## Learning Sensor Models for Evidence Grids

### Hans Moravec

Mike Blackwell

Carnegie Mellon University

Robotics Institute

September 1991

**Introduction**

Evidence grids (which we have previously called occupancy grids,
probability grids and certainty grids: the newer term *evidence
grids* better captures the intent and the implementation of the
method) are a probabilistic, finite-element representation of robot
spatial knowledge. The grids allow the efficient accumulation of
small amounts of information from individual sensor readings into
increasingly accurate and confident maps of a robot's surroundings.
Our first experiments using the method to interpret measurements from
a ring of 24 Polaroid sonar transducers carried on board an
autonomously navigating mobile robot were surprisingly successful,
compared with our previous experiences with stereo-vision based
programs that mapped points on objects as error distributions in
space. These older programs enabled a robot to map and traverse
cluttered 30 meter obstacle courses, succeeding about three times in
four attempts [Moravec80]. By contrast the grid method accomplished a
similar task with a vanishingly small failure rate [Moravec85,Elfes89].
We then applied the grid approach to stereo-vision-derived range data
from a TV equipped robot, also with good success [Serey86]. A
subsequent experiment integrated sonar and vision data, generating
maps with correct features not found in those from either sensor alone
[Matthies87].

These encouraging early results were obtained using *ad-hoc*
statistical models and methods. We then developed a Bayesian
statistical foundation for grid updates. A key result of this
derivation was a combining formula (replacing several formulas in the
old formulation) for integrating two independently derived maps of the
same area, or for adding a new reading to a developing map. When used
to add a new reading to an evidence grid, the combining formula
requires that the reading itself be represented as such a grid,
containing only the independent information provided by that
particular reading. A sensor (for instance a sonar sensor) may return
one of a set of possible values (one for each range) when a reading is
taken. Each different value requires its own grid. The set of grids
for all possible values returned during a reading we call a *sensor
model*. Each In the early formulation we constructed a sensor
model from an *ad-hoc* interpretation of the technical
specifications of our sonar sensors. This worked well in our first
experiments, where the data, mostly sonar in a cluttered lab, was very
benign, meaning that the ranges reported by the sensors usually
corresponded to the location of objects in the field of view. The
only uncertainties were in lateral position of the object, and range
uncertainty, both of which we were able to model well enough by an
*ad-hoc* function. In fact, the maps built during robot runs
were very insensitive to small adjustments in out sensor
model.

The situation is very different if the sources of uncertainty are
more complicated. In data from a smooth-walled narrow corridor, the
majority of the sonar rangings suffer specular reflection, returning
ranges that are much farther than the nearest objects because they
come via glancing bounces from walls that the sonar sees as perfect
mirrors. In principle the evidence grid method should be able to
slowly accumulate partial information (evidence) from such data as
long as there exists any correlation between the readings we get and
what's out there--but only if the sensor model accurately represents
the information contained in a reading. Our *ad-hoc* models of
sonar sensors turned out to be totally ineffective in highly specular
environments. Our initial cluttered laboratory environment, with its
many reflective surface patches in different orientations, had been
unusually benign, from the sonar sensing point of view.

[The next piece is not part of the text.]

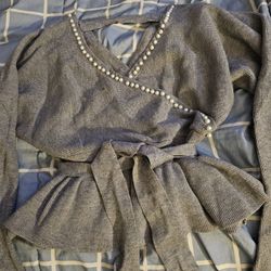 This is a grey long-sleeve peplum sweater-$45$45San Jose, CA
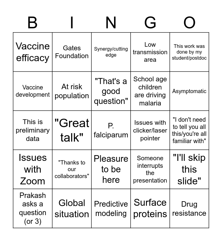 This bingo card has a free space and 28 words: "I'll skip this slide", Flow cytrometry data, School age children are driving malaria, Surface proteins, Vaccine development, Synergy/cutting edge, Gates Foundation, Issues with Zoom, Issues with clicker/laser pointer, Prakash asks a question (or 3), This is preliminary data, Low transmission area, Global situation, Predictive modeling, Asymptomatic, "I hope you can appreciate", "Thanks to our collaborators", At risk population, "That's a good question", Pleasure to be here, Vaccine efficacy, Mosquito, Drug resistance, "Great talk", "I don't need to tell you all this/you're all familiar with", Someone interrupts the presentation, This work was done by my student/postdoc and Runs over time.

We were not up to the task of constructing a precision sensor
model by hand, so we looked for a way to determine (learn) it
automatically from accumulated robot sense data. We experimented with
two learning approaches. In an earlier approach the evidence maps for
individual ranges are estimated directly by observing the frequencies
of occupancy from a large sample of readings made in known positions
in known surroundings. This has problems--it needs a huge amount of
data, is sensitive to quirks in the training sample, gives a
statistically noisy and unnecessarily blurry result, and does not in
any way compensate for the fact that individual readings don't give
entirely independent information, (as we dangerously assume in the
basic formulation). The new, more successful, approach shapes the
individual evidence maps with a parameterized closed-form formula.
The parameters of this formula are adjusted, in a hill-climbing
process, so that the map built by the functions with data from a robot
test run is as good as possible. Using this approach with a
9-parameter function a program using several weeks of Sparc1+
workstation search time (and several days more on a MASPAR parallel
computer) was able to produce a crisp, correct map of the difficult
4ft specular hallway outside my office, from data that produces an
unrecognizable splatter when used with a naive sensor model that works
fine in benign circumstances.

**Learning Sequence**

The following illustrations show maps produced from a data set of
648 sonar measurements collected with a Denning sensor ring mounted on
our Uranus robot. A set of 24 readings was taken at each foot of
travel down the center of a narrow (4 foot wide) 28 foot long leg of
an L shaped corridor. The readings were processed into maps by means
of a sensor model generated by a formula (revealed at the end of this
paper) controlled by nine parameters. The correctness of the map for
a particular setting of the parameters was given by a *Score*
expression also defined at the end of the paper that allows the result
to be interpreted as the number of correct bits in the reconstruction.
A cell with a correct probability of one that corresponds to an ideal
map with a corresponding one contributes 1 bit to the sum, as does a
zero cell with a zero ideal. A cell with a probability value of one
half, indicating total ignorance, contributes 0 to the sum, regardless
of the ideal. (A cell whose value is very near zero or one but whose
ideal is the opposite can contribute an arbitrarily large negative
number to the sum. This is the log probability way of saying there is
then no chance that this map could be a representation of the ideal.
In our program sensor model probabilities are represented by an eight
bit quantity which is the integer part of logb p/(1-p) with b = 2^(1/4).
This scaling allows a probability range of approximately 10^-9 to 1-10^-9
and a consequent worst case per cell goodness figure of about
-32.)

The first map in the set is the ideal. White represents an
occupancy probability of 0, black represents 1 and the 50%
checkerboard pattern means 0.5, i.e. don't care. A perfect
reconstruction would have a goodness figure of 578 correct
bits--found by matching the ideal with itself. The robot traversed
the horizontal part of the L shape. The five indentations in that
hallway are slightly recessed closed metal doors. The rest of the
hallway is smooth painted wallboard, a nearly perfect sonar mirror.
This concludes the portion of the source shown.